**WORK TASK:**
Without reproducing any image, print the listing below exactly.
===============
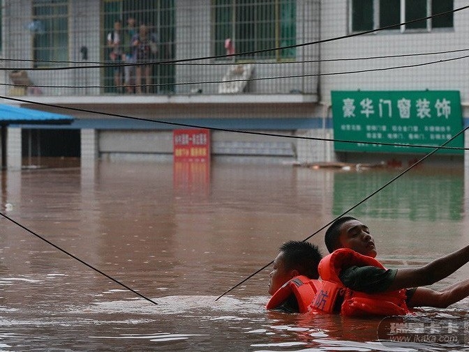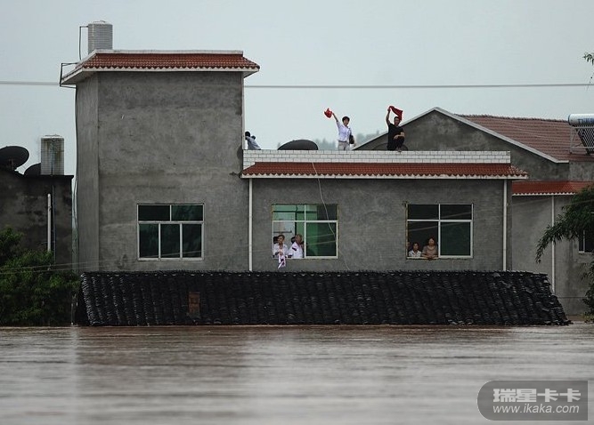 7月1日,重庆潼南县因遭遇55年来最强降雨,多个乡镇变成泽国,大量居民被洪水围困。图为村民正在自家屋顶上求救。
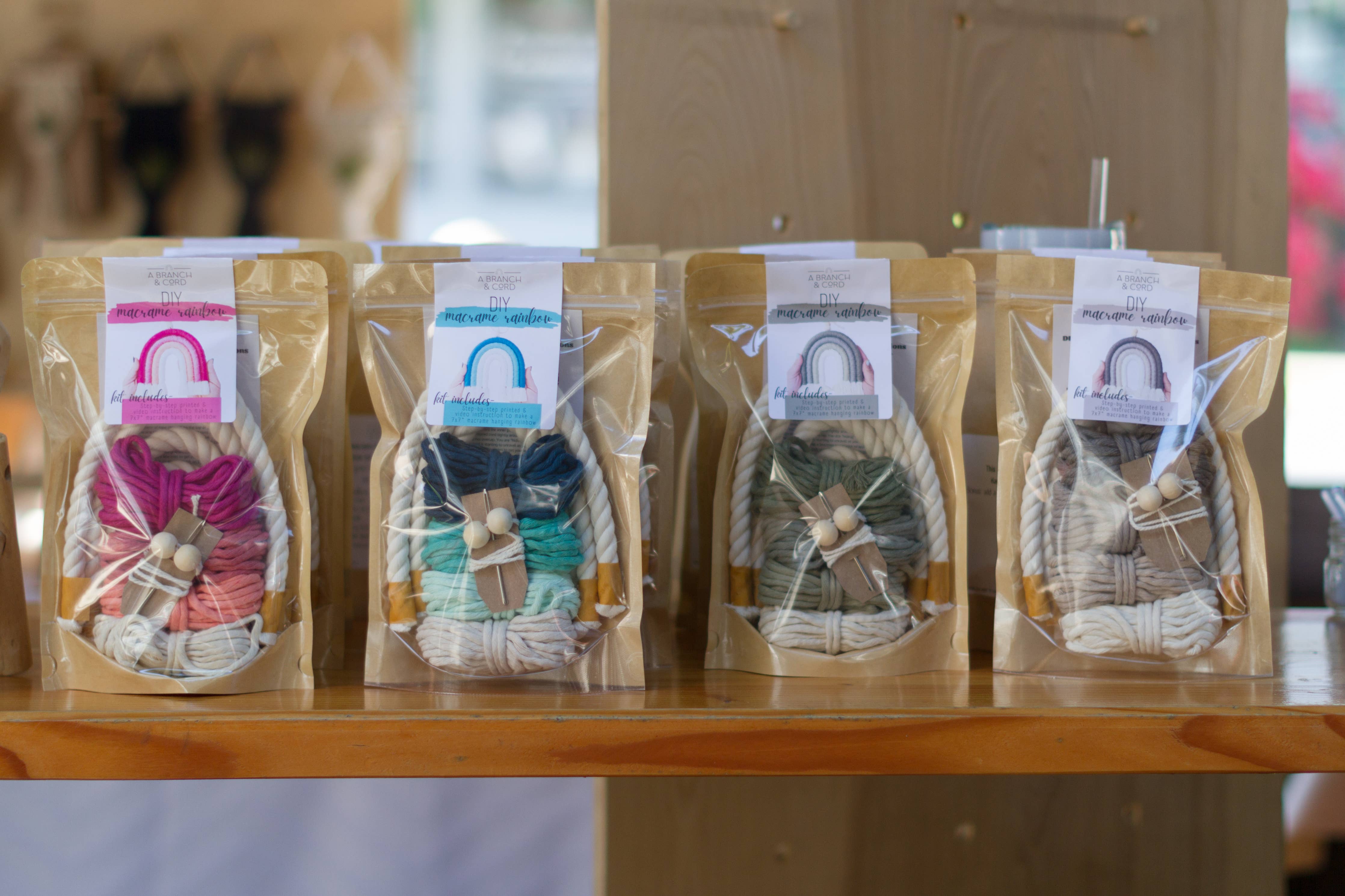 Our DIY Rainbow Kits offer a fun crafting experience that brings the joy of fiber art and vibrant colors together for both adults and children ages 10 and up or 4 - 9 with support. While the kit includes macrame cord, no macrame knotting is required in this kit! Simply the act of wrapping is needed to complete.
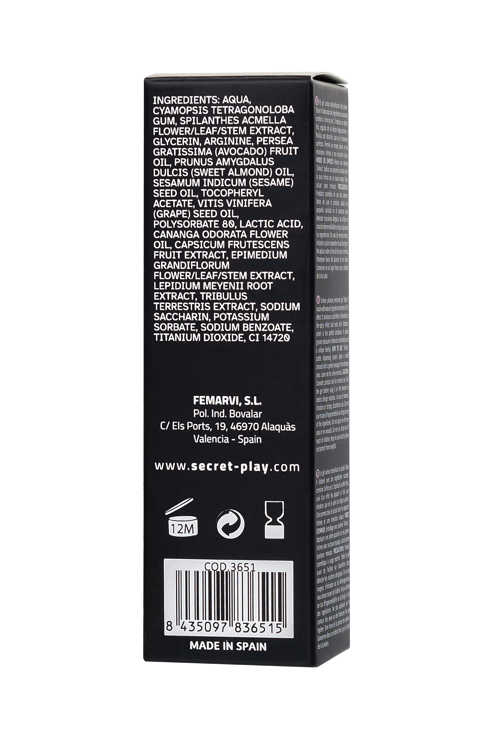 Yeni hisler isteyen ve denemeye hazır olan çiftler için aşırı bir deneyim. Vücudunuzun titreyebileceğine inanır mısınız? Secret Play’in orgazmların keyfi ve çılgınca gücü için gizli silahı, doğal ve kozmetik bileşenlerden yapılmış güçlendirici bir jeldir. Üçlü X, 3 etkiyi birleştirir: soğuk bir etki yaratır, ardından ateşli baharatlı bir ısı izler. Tüm büyünün doruk noktası bir titreşim olacaktır – tetikleyici, yıldızların çoğuna kozmik bir zevke girmeye hazır olun. Samimi sürecin inanılmaz keyfi, hayal bile edemeyeceğiniz eşsiz hisler. Samimi jel hem çift hem de yalnız olarak kullanılabilir. Soğuk ve ısı, titreşim dalgaları ile birlikte, birbiri ardına tüyler ürpertici ve karıncalanma ile yuvarlanır ve değiştirilir, sadece heyecana değil, aynı zamanda samimi bölgelerin uyarılmasından da benzersi.
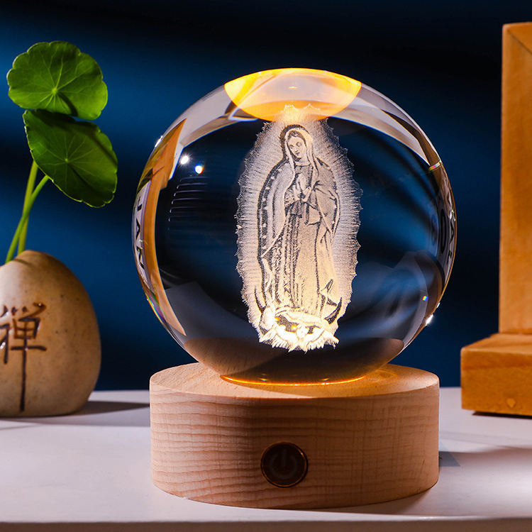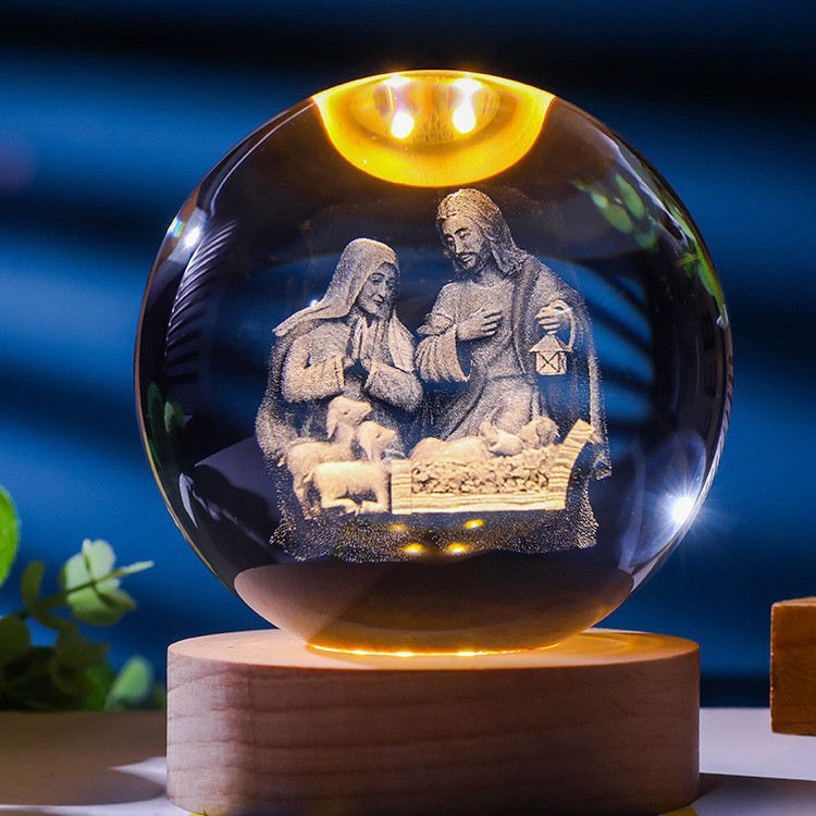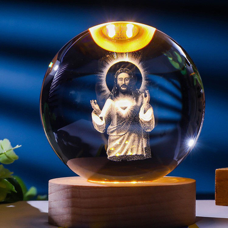 Populaire saint dieu père mère christ croix jésus famille cadeau mini 3d art boule de cristal lampe de nuit boule de cristal lumineuse
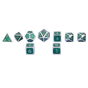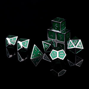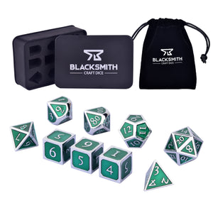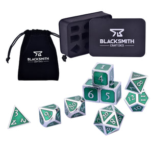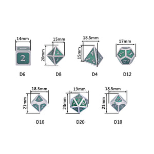 These dice are made of a non-toxic zinc alloy. Each order comes with a D4, 3xD6, D8, two D10s (one 00-90, one 0-9), D12, and D20; includes a velvet drawstring bag and a metal tin.
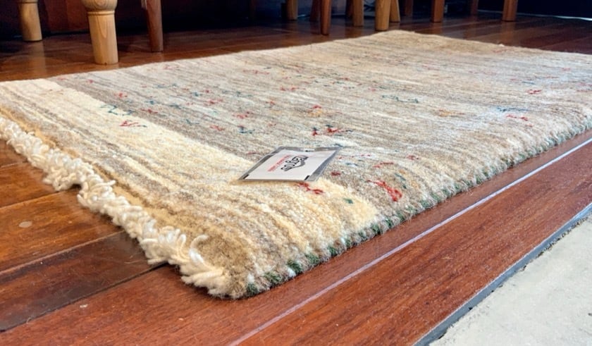 素 材・・・仔羊の毛を手で紡いで糸にしていますので、柔らかく肌触りの良いギャッベに仕上がります。また、混ざりのないピュアウールを使用していますので、お子様のいるご家庭でも安心して使っていただけます。
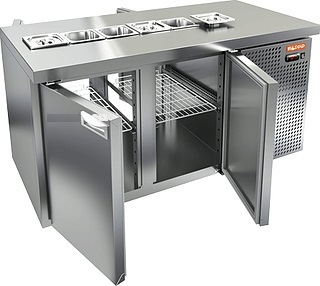 оборудование с обеих сторон оснащено распашными дверьми, что облегчает доступ к выложенной продукции, стол полностью выполнен из нержавеющей стали, электронный контроль температуры, автоматический режим разморозки (оттайки) испарителя, принудительная вентиляция по всему объему стола
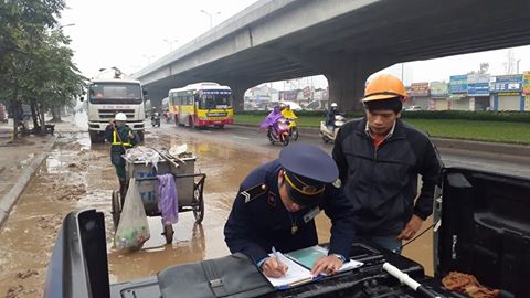 Thanh tra Giao thông huyện Thanh Trì đồng thời yêu cầu Nhà thầu Long Giang phải đảm bảo các yêu cầu về vệ sinh môi trường khi được thi công trở lại như: Phải có cầu rửa xe trước khi lưu thông ra đường, cầu rửa phải đảm bảo nguồn nước và có hệ thống đường dẫn nước thải hợp lý.
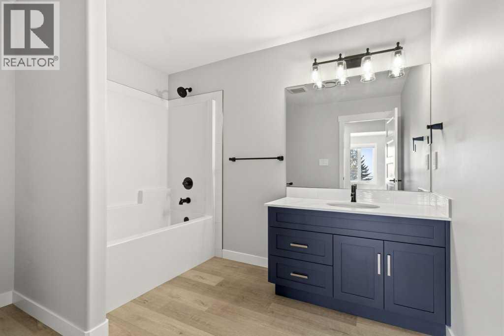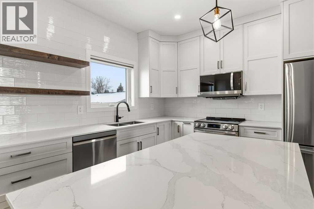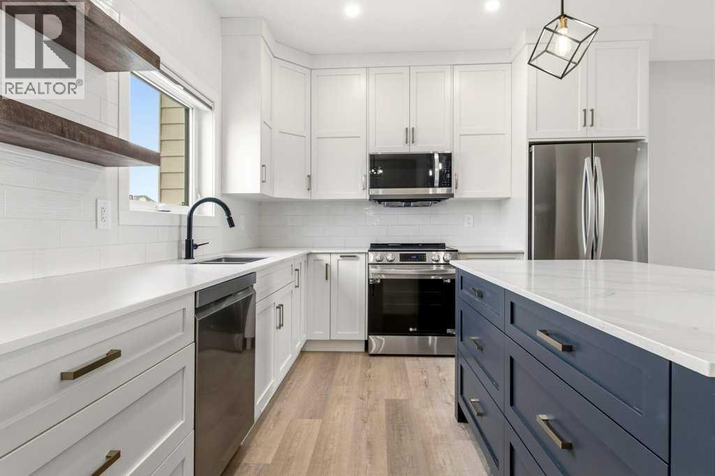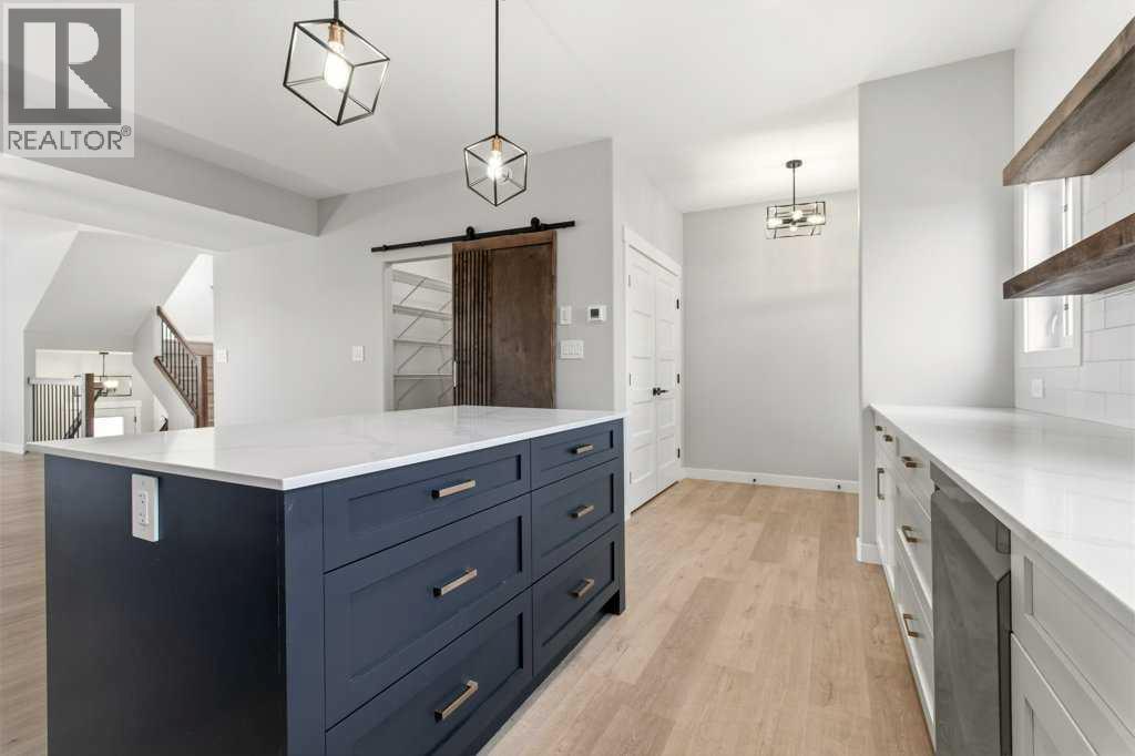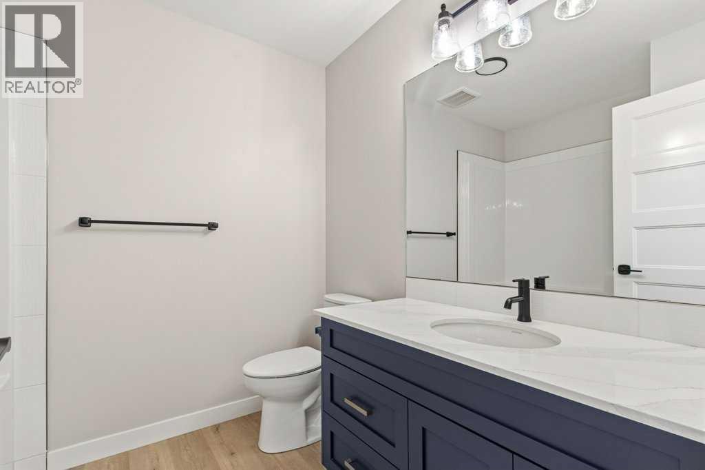 NO CONDO FEES. Located in the vibrant community of Sylvan Lake, this centrally located 2023-built 1865 square foot townhouse offers the perfect blend of modern style, space, and convenience. This high-end home features 5 bedrooms in total—3 on the second level, including a spacious primary bedroom with a luxury 4-piece ensuite, plus an additional 4-piece bathroom. The second level also includes a conveniently located laundry right alongside the bedrooms. Beautiful neutral paint tones, an abundance of large windows, and durable vinyl plank flooring create a bright, inviting atmosphere throughout the home. The open-concept main level showcases a bright white kitchen with a walk-in pantry, large island, and adjoining living room, along with a mudroom and a 2-piece bath. Off the kitchen, enjoy access to a back deck overlooking the fully fenced yard. The fully developed basement offers 2 additional bedrooms, a large family room, and another 4-piece bathroom. Just minutes from shopping, schools, the NexSource Centre, the community centre, and only three blocks from beautiful Sylvan Lake, this home delivers exceptional comfort in a great location. (id:63190)
===============
**WRITTEN ANSWER:**
 7月1日,重庆潼南县因遭遇55年来最强降雨,多个乡镇变成泽国,大量居民被洪水围困。图为村民正在自家屋顶上求救。
 Our DIY Rainbow Kits offer a fun crafting experience that brings the joy of fiber art and vibrant colors together for both adults and children ages 10 and up or 4 - 9 with support. While the kit includes macrame cord, no macrame knotting is required in this kit! Simply the act of wrapping is needed to complete.
 Yeni hisler isteyen ve denemeye hazır olan çiftler için aşırı bir deneyim. Vücudunuzun titreyebileceğine inanır mısınız? Secret Play’in orgazmların keyfi ve çılgınca gücü için gizli silahı, doğal ve kozmetik bileşenlerden yapılmış güçlendirici bir jeldir. Üçlü X, 3 etkiyi birleştirir: soğuk bir etki yaratır, ardından ateşli baharatlı bir ısı izler. Tüm büyünün doruk noktası bir titreşim olacaktır – tetikleyici, yıldızların çoğuna kozmik bir zevke girmeye hazır olun. Samimi sürecin inanılmaz keyfi, hayal bile edemeyeceğiniz eşsiz hisler. Samimi jel hem çift hem de yalnız olarak kullanılabilir. Soğuk ve ısı, titreşim dalgaları ile birlikte, birbiri ardına tüyler ürpertici ve karıncalanma ile yuvarlanır ve değiştirilir, sadece heyecana değil, aynı zamanda samimi bölgelerin uyarılmasından da benzersi.
 Populaire saint dieu père mère christ croix jésus famille cadeau mini 3d art boule de cristal lampe de nuit boule de cristal lumineuse
 These dice are made of a non-toxic zinc alloy. Each order comes with a D4, 3xD6, D8, two D10s (one 00-90, one 0-9), D12, and D20; includes a velvet drawstring bag and a metal tin.
 素 材・・・仔羊の毛を手で紡いで糸にしていますので、柔らかく肌触りの良いギャッベに仕上がります。また、混ざりのないピュアウールを使用していますので、お子様のいるご家庭でも安心して使っていただけます。
 оборудование с обеих сторон оснащено распашными дверьми, что облегчает доступ к выложенной продукции, стол полностью выполнен из нержавеющей стали, электронный контроль температуры, автоматический режим разморозки (оттайки) испарителя, принудительная вентиляция по всему объему стола
 Thanh tra Giao thông huyện Thanh Trì đồng thời yêu cầu Nhà thầu Long Giang phải đảm bảo các yêu cầu về vệ sinh môi trường khi được thi công trở lại như: Phải có cầu rửa xe trước khi lưu thông ra đường, cầu rửa phải đảm bảo nguồn nước và có hệ thống đường dẫn nước thải hợp lý.
 NO CONDO FEES. Located in the vibrant community of Sylvan Lake, this centrally located 2023-built 1865 square foot townhouse offers the perfect blend of modern style, space, and convenience. This high-end home features 5 bedrooms in total—3 on the second level, including a spacious primary bedroom with a luxury 4-piece ensuite, plus an additional 4-piece bathroom. The second level also includes a conveniently located laundry right alongside the bedrooms. Beautiful neutral paint tones, an abundance of large windows, and durable vinyl plank flooring create a bright, inviting atmosphere throughout the home. The open-concept main level showcases a bright white kitchen with a walk-in pantry, large island, and adjoining living room, along with a mudroom and a 2-piece bath. Off the kitchen, enjoy access to a back deck overlooking the fully fenced yard. The fully developed basement offers 2 additional bedrooms, a large family room, and another 4-piece bathroom. Just minutes from shopping, schools, the NexSource Centre, the community centre, and only three blocks from beautiful Sylvan Lake, this home delivers exceptional comfort in a great location. (id:63190)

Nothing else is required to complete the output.